Abstract
Gemini API unlocks semantic search for Google Apps Script, boosting its power beyond automation. This report explores the result of attempting the semantic search using Gemini Pro API with Google Apps Script.
Introduction
The recent release of the LLM model Gemini as an API on Vertex AI and Google AI Studio opens a world of possibilities. Ref and Ref I believe Gemini API significantly expands the potential of Google Apps Script and paves the way for diverse applications. In this report, I present a result for attempting the semantic search using Gemini Pro API with Google Apps Script.
Google Apps Script is one of the powerful automation tools for achieving the automation process. Also, Google Apps Script can manage Google Docs (Documents, Spreadsheets, Slides, Forms, and so on) even when users are away from their computers. In the current stage, there are no built-in methods for the semantic search, yet. When Google Apps Script can be used for achieving the semantic search, it is considered that achieving this will expand the management of Google Docs and the development of various applications created by Google Apps Script.
This report delves into the implementation of the semantic search by leveraging Gemini API with Google Apps Script.
Usage
In order to test this script, please do the following flow.
1. Create an API key
Please access https://makersuite.google.com/app/apikey and create your API key. At that time, please enable Generative Language API at the API console. This API key is used for this sample script.
This official document can be also seen. Ref.
2. Create a Google Apps Script project
Please create a standalone Google Apps Script project. Of course, this script can be also used with the container-bound script.

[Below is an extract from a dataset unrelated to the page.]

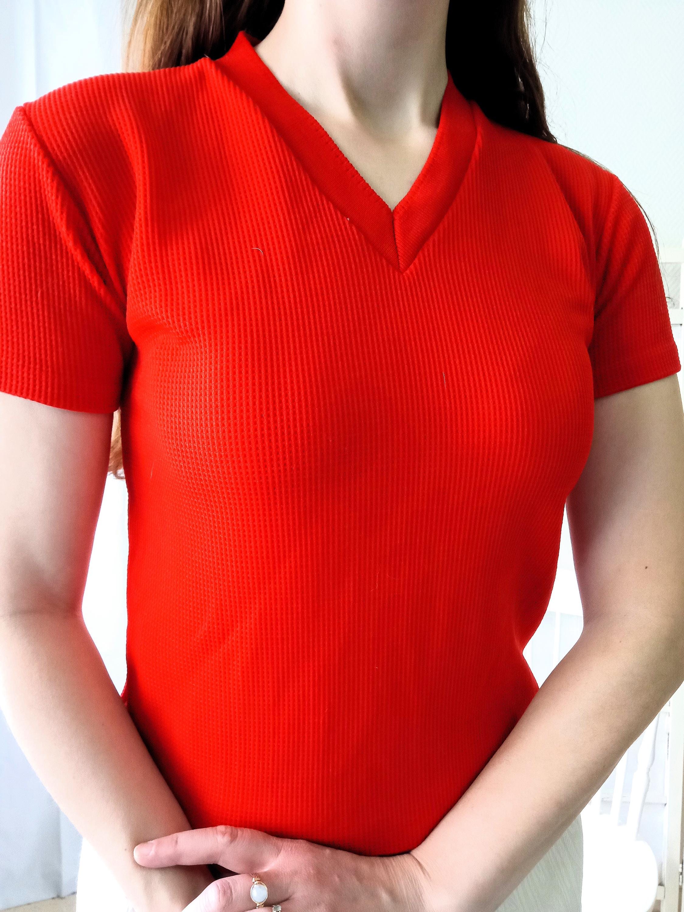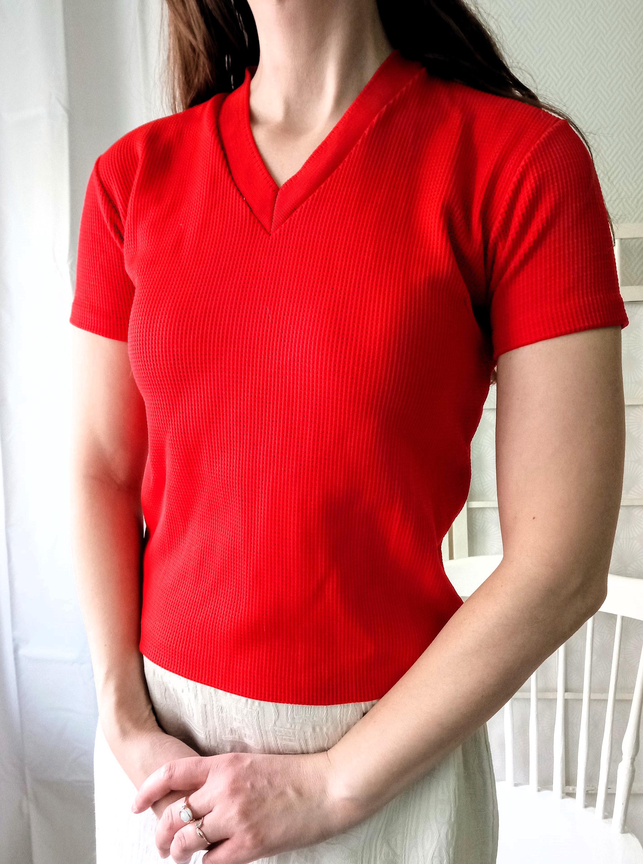 Joli tee-shirt vintage rouge gaufré , col V DEADSTOCK- NEUF; toujours étiqueté et dans son emballage d'origine (les étiquettes et emballage peuvent présenter des différences de design sur chaque exemplaires), fabriqué dans les années 60 en FRANCE par la marque BAN-LON (cette pièce vient d'un stock de vêtements invendu d'une boutique française du Creusot ayant fermé dans les années 70); couleur rouge ; matière Nylon; matière élastique; non doublé, pas de transparence.Cette pièce n'ayant jamais été lavée, elle peut porter une odeur de teinture ou odeur de vêtement neuf, qui partira dès le premier lavage. Il est conseillé de laver cette pièce à la main les 2 ou 3 premiers lavages pour laisser dégorger la couleur, puis ensuite en machine en synthétique à 30 degrés; état neuf.

And, please open the script editor of the Google Apps Script project.
3. Sample scripts
The base script is as follows. Please copy and paste the following script to the script editor, set your API key to the function getEmbedding_
, and save the script.
In this sample, in order to evaluate the similarity of embedding values, the cosine similarity is calculated.
/**
* ### Description
* Calculate cosine similarity from 2 arrays.
*
* @param {Array} array1 1-dimensional array.
* @param {Array} array2 1-dimensional array.
* @return {Number} Calculated result of cosine similarity.
*/
function cosineSimilarity_(array1, array2) {
const dotProduct = array1.reduce((t, e, i) => (t += e * array2[i]), 0);
const magnitudes = [array1, array2]
.map((e) => Math.sqrt(e.reduce((t, f) => (t += f * f), 0)))
.reduce((t, f) => (t *= f), 1);
return dotProduct / magnitudes;
}
/**
* ### Description
* Request "Method: models.embedContent" of Gemini Pro API.
*
* @param {Object} requests Request body for Method: models.batchEmbedContents.
* @return {Number} Embedding generated from the input texts.
*/
function getEmbedding_(requests) {
const apiKey = "###"; // Please set your API key.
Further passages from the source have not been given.